▶ _Data segment_
----

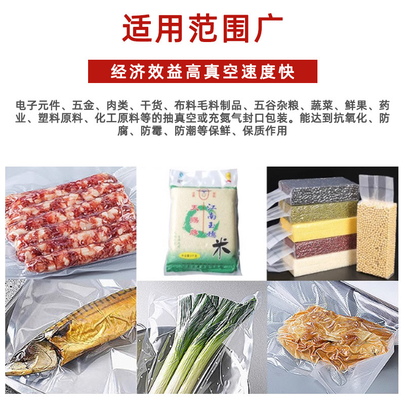 與普通立式外抽真空包裝機類似,可升降立式外抽真空包裝機也是通過抽氣嘴放入被包裝物的包裝袋內,啟動真空泵抽出空氣,達到預定真空度后退出抽氣嘴,最后利用封口裝置完成封口,實現真空包裝。在包裝過程中,可升降機構能夠根據包裝物的高度調整工作臺或輸送臺的位置,確保包裝操作的順利進行。部分機型還可在抽真空后充入氮氣等惰性氣體,以滿足不同產品的包裝需求。
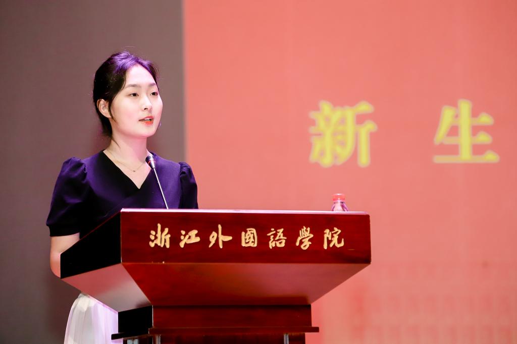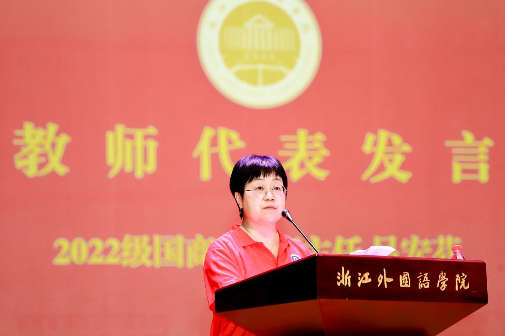 教师代表2022级新生班主任吕宏芬老师希望大家都能从“浙里”出发,向着“更好的自己”前进。她勉励新生立足当前、明确目标,脚踏实地、砥砺前行、勇敢追梦,以青春之光照亮奋进之路,不负韶华不负时代,最终圆梦浙外。
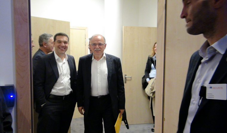 Αρχικά, συναντήθηκε με τον πρόεδρο του Ευρωκοινοβουλίου Μάρτιν Σουλτς, παρουσία και του υπουργού Επικρατείας Νίκου Παππά.

----

▶ _The problem_
Begin at the first line of the material and copy each line exactly through the one containing "教师代表2022级新生班主任". Omit pictures.

▶ _Answer section_
 與普通立式外抽真空包裝機類似,可升降立式外抽真空包裝機也是通過抽氣嘴放入被包裝物的包裝袋內,啟動真空泵抽出空氣,達到預定真空度后退出抽氣嘴,最后利用封口裝置完成封口,實現真空包裝。在包裝過程中,可升降機構能夠根據包裝物的高度調整工作臺或輸送臺的位置,確保包裝操作的順利進行。部分機型還可在抽真空后充入氮氣等惰性氣體,以滿足不同產品的包裝需求。
 教师代表2022级新生班主任吕宏芬老师希望大家都能从“浙里”出发,向着“更好的自己”前进。她勉励新生立足当前、明确目标,脚踏实地、砥砺前行、勇敢追梦,以青春之光照亮奋进之路,不负韶华不负时代,最终圆梦浙外。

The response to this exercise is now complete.